[Provided material]
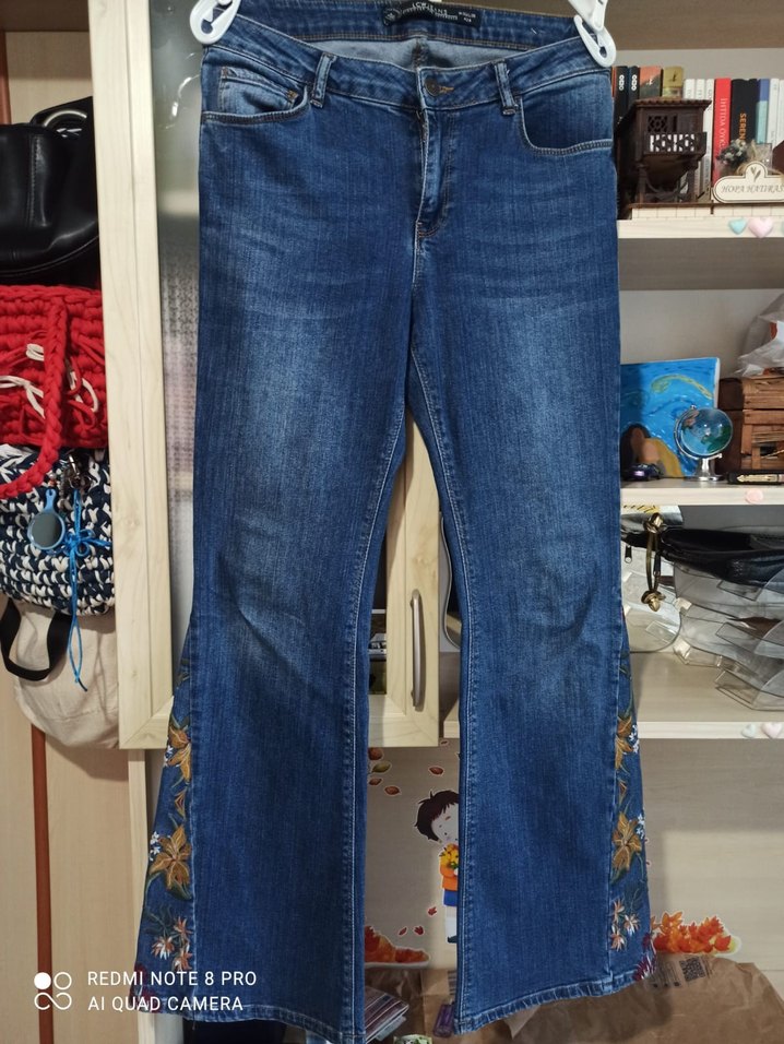 paçaları çiçek işlemeli mavi Jean pantolon, ki emer tokalı, günlük için uygun İspanyol paça pantolon
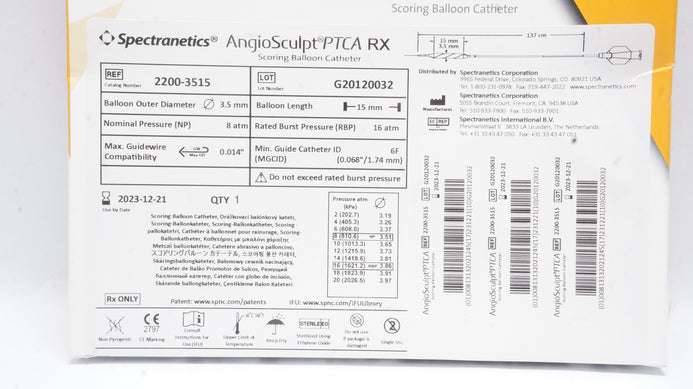 - Spectranetics 2200-3515 AngioSculpt Scrolling Balloon Cath. 137cm x 3.5 x 15mm(x)
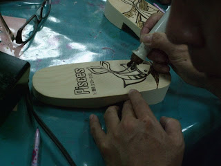 畫筆是「電燒筆」;木屐電燒即是以電燒筆在木屐台上進行各種繪畫與圖案設計
[/Provided material]
**Task description:** Reproduce the data above line for line, excluding every picture.

**Reply:**
 paçaları çiçek işlemeli mavi Jean pantolon, ki emer tokalı, günlük için uygun İspanyol paça pantolon
 - Spectranetics 2200-3515 AngioSculpt Scrolling Balloon Cath. 137cm x 3.5 x 15mm(x)
 畫筆是「電燒筆」;木屐電燒即是以電燒筆在木屐台上進行各種繪畫與圖案設計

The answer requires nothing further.